Kasus Silfester Matutina, Ketua Umum Relawan Solidaritas Merah Putih yang Berstatus Terpidana, Akan Mengajukan PK Kedua di Pengadilan Negeri Jakarta Selatan
Dalam kasus dugaan fitnah dan pencemaran nama baik terhadap Presiden RI ke-7 Joko Widodo, Silfester Matutina akan mengajukan Peninjauan Kembali (PK) kedua di Pengadilan Negeri Jakarta Selatan.
Menurut pengacara Silfester, Lechumanan, kasus ini adalah hak kliennya yang telah diatur oleh Undang-Undang. Ia meminta agar Kejaksaan tidak memaksakan proses eksekusi terhadap relawan Presiden RI ke-7 itu.
Lechumanan juga menegaskan bahwa proses eksekusi terhadap Komisaris BUMN ID FOOD di kasus dugaan fitnah sudah tidak bisa dilakukan oleh Kejaksaan karena kasusnya sudah kedaluwarsa. Hal ini, kata dia, juga terbukti setelah gugatan Aliansi Rakyat untuk Keadilan dan Kesejahteraan Indonesia (ARUKI) ditolak oleh Pengadilan Negeri Jakarta Selatan.

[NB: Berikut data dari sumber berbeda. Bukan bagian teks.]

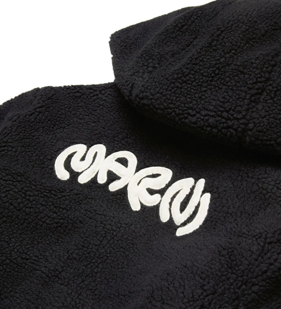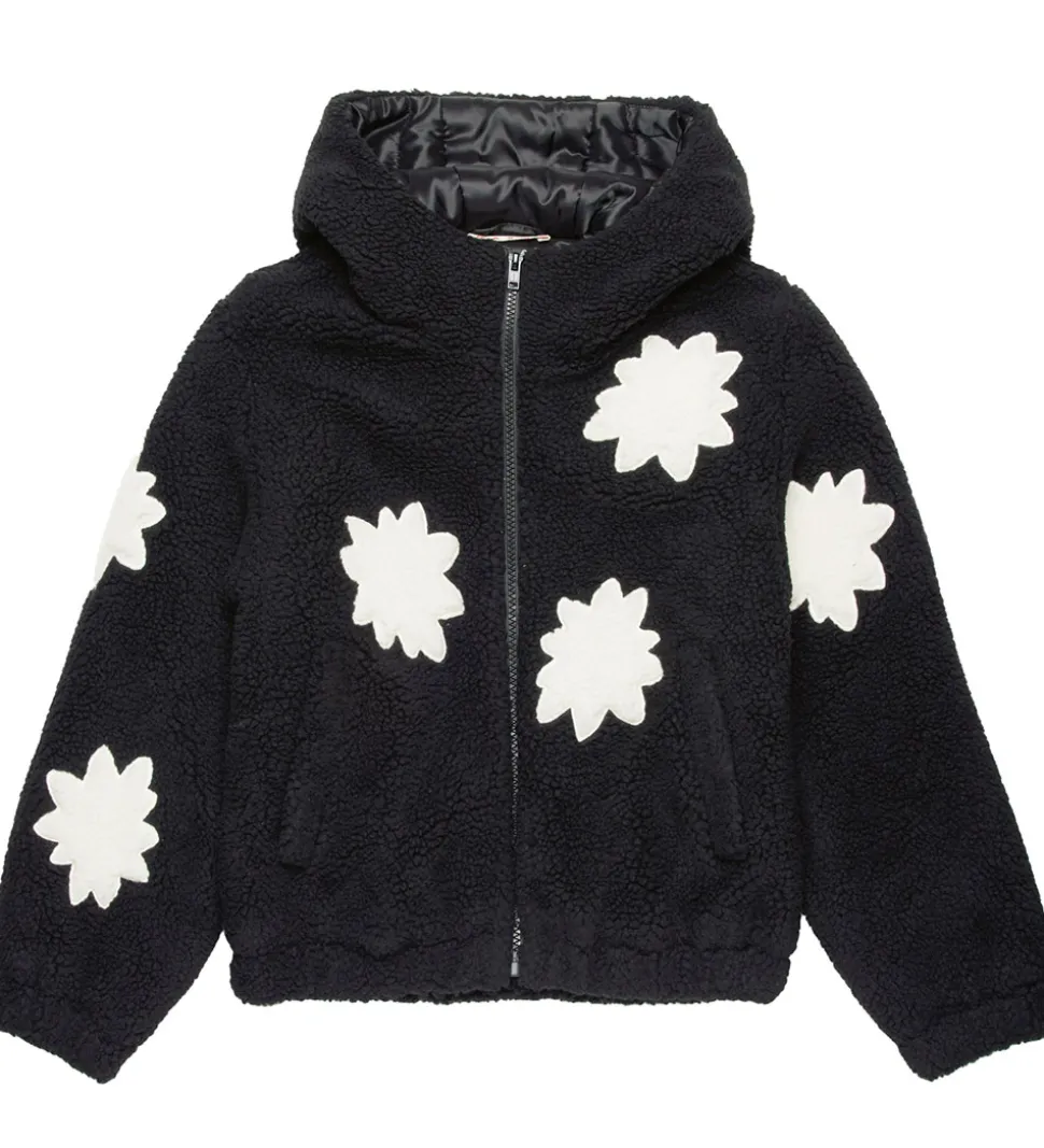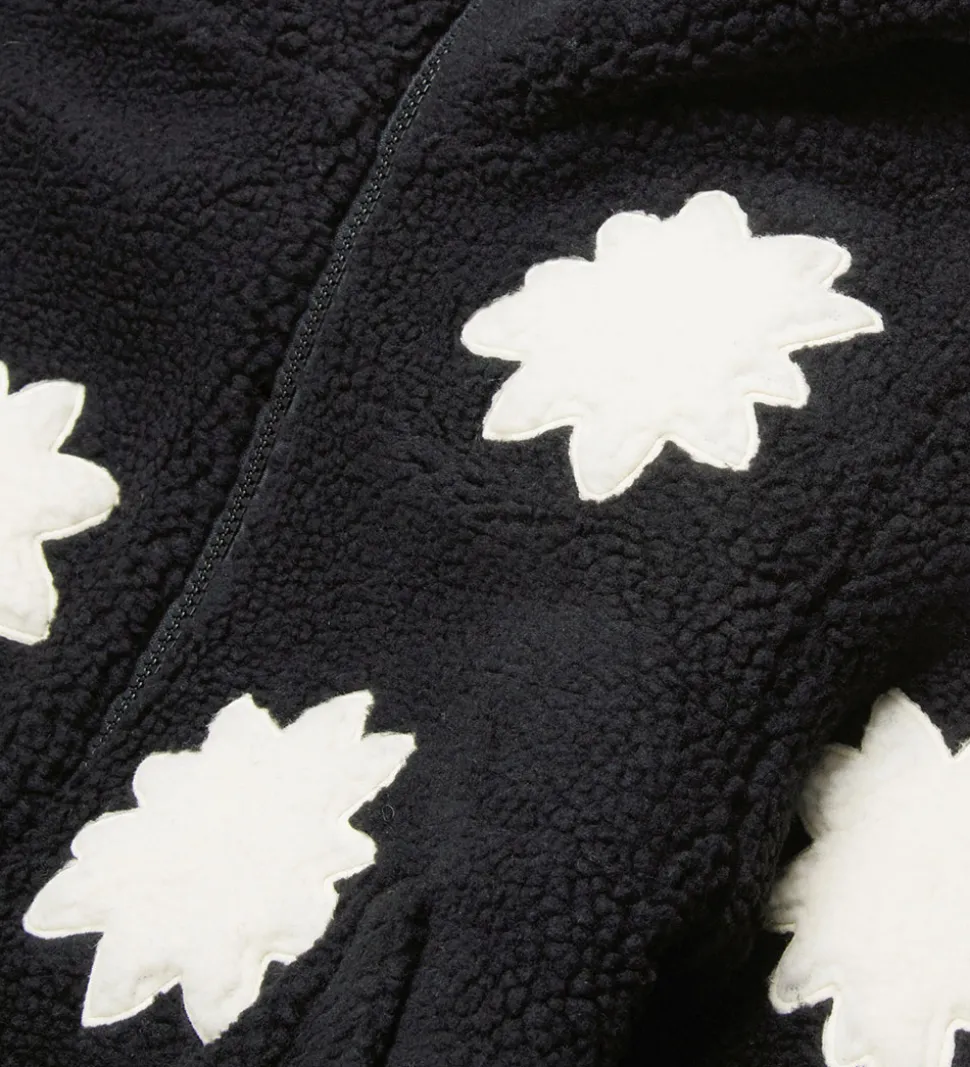 Lækker Marni fleecejakke i sort teddyfleece, og fortil og på ærmerne sidder der store, hvide snefnug. På ryggen står der “Marni” med store, hvide bogstaver.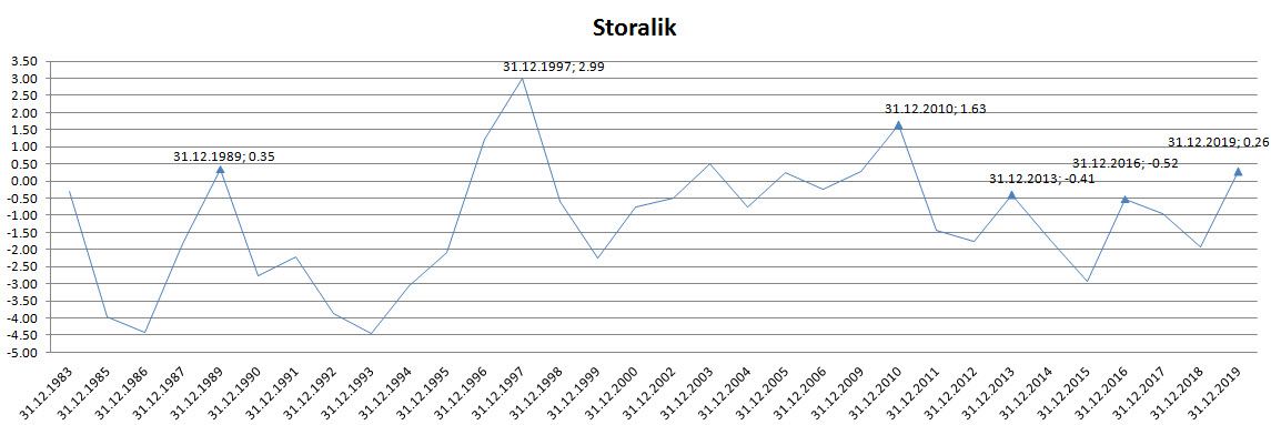 Der Trend, der bei der vorherigen Station Nord aufgezeichnet wurde, wurde auch bei der Station Storalik aufgezeichnet. Storalik liegt im südlichen Teil Grönlands.

Silfester kemudian dijatuhi vonis 1 tahun penjara pada 30 Juli 2018. Putusan itu lantas dikuatkan di tingkat banding yang dibacakan pada 29 Oktober 2018. Di tingkat kasasi, majelis hakim memperberat vonis Silfester menjadi hukuman 1 tahun 6 bulan penjara.
Namun, pengajuan PK kedua oleh Silfester tidak akan terbatas hanya satu kali seperti yang diatur dalam SEMA Nomor 7 Tahun 2014. Ia juga berharap bahwa Kejaksaan tidak memaksakan proses eksekusi terhadap relawan Presiden RI ke-7 itu.
Kasus ini pertama kali dibawa oleh Silfester pada 2018 terkait ucapannya dalam orasi yang menuding Wakil Presiden Joko Widodo menggunakan isu SARA untuk memenangkan pasangan Anies Baswedan-Sandiaga Uno dalam Pilkada DKI Jakarta.
Dalam kasus dugaan fitnah dan pencemaran nama baik terhadap Presiden RI ke-7 Joko Widodo, Silfester Matutina akan mengajukan Peninjauan Kembali (PK) kedua di Pengadilan Negeri Jakarta Selatan.
Menurut pengacara Silfester, Lechumanan, kasus ini adalah hak kliennya yang telah diatur oleh Undang-Undang. Ia meminta agar Kejaksaan tidak memaksakan proses eksekusi terhadap relawan Presiden RI ke-7 itu.
Lechumanan juga menegaskan bahwa proses eksekusi terhadap Komisaris BUMN ID FOOD di kasus dugaan fitnah sudah tidak bisa dilakukan oleh Kejaksaan karena kasusnya sudah kedaluwarsa. Hal ini, kata dia, juga terbukti setelah gugatan Aliansi Rakyat untuk Keadilan dan Kesejahteraan Indonesia (ARUKI) ditolak oleh Pengadilan Negeri Jakarta Selatan.
Silfester kemudian dijatuhi vonis 1 tahun penjara pada 30 Juli 2018. Putusan itu lantas dikuatkan di tingkat banding yang dibacakan pada 29 Oktober 2018. Di tingkat kasasi, majelis hakim memperberat vonis Silfester menjadi hukuman 1 tahun 6 bulan penjara.
Namun, pengajuan PK kedua oleh Silfester tidak akan terbatas hanya satu kali seperti yang diatur dalam SEMA Nomor 7 Tahun 2014. Ia juga berharap bahwa Kejaksaan tidak memaksakan proses eksekusi terhadap relawan Presiden RI ke-7 itu.
Kasus ini pertama kali dibawa oleh Silfester pada 2018 terkait ucapannya dalam orasi yang menuding Wakil Presiden Joko Widodo menggunakan isu SARA untuk memenangkan pasangan Anies Baswedan-Sandiaga Uno dalam Pilkada DKI Jakarta.